On the asymptotic analysis of bounded solutions to nonlinear differential equations of second order

In this paper, we consider two different models of nonlinear ordinary differential equations (ODEs) of second order. We construct two new Lyapunov functions to investigate boundedness of solutions of those nonlinear ODEs of second order. By using the Lyapunov direct or second method and inequality techniques, we prove two new theorems on the boundedness solutions of those ODEs of second order as $t \to \infty $t→∞. When we compare the conditions of the theorems of this paper with those of Meng in (J. Syst. Sci. Math. Sci. 15(1):50–57, 1995) and Sun and Meng in (Ann. Differ. Equ. 18(1):58–64 2002), we can see that our theorems have less restrictive conditions than those in (Meng in J. Syst.
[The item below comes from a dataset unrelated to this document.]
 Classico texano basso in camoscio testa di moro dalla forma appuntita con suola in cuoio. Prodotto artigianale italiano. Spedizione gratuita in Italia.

Sci. Math. Sci. 15(1):50–57, 1995) and Sun and Meng in (Ann. Differ. Equ. 18(1):58–64 2002) because of the two new suitable Lyapunov functions. Next, in spite of the use of the Lyapunov second method here and in (Meng in J. Syst. Sci. Math. Sci. 15(1):50–57, 1995; Sun and Meng in Ann. Differ. Equ. 18(1):58–64 2002), the proofs of the results of this paper are proceeded in a very different way from that used in the literature for the qualitative analysis of ODEs of second order. Two examples are given to show the applicability of our results. At the end, we can conclude that the results of this paper generalize and improve the results of Meng in (J. Syst. Sci. Math. Sci. 15(1):50–57, 1995), Sun and Meng in (Ann. Differ. Equ. 18(1):58–64 2002), and some other that can be found in the literature, and they have less restrictive conditions than those in these references.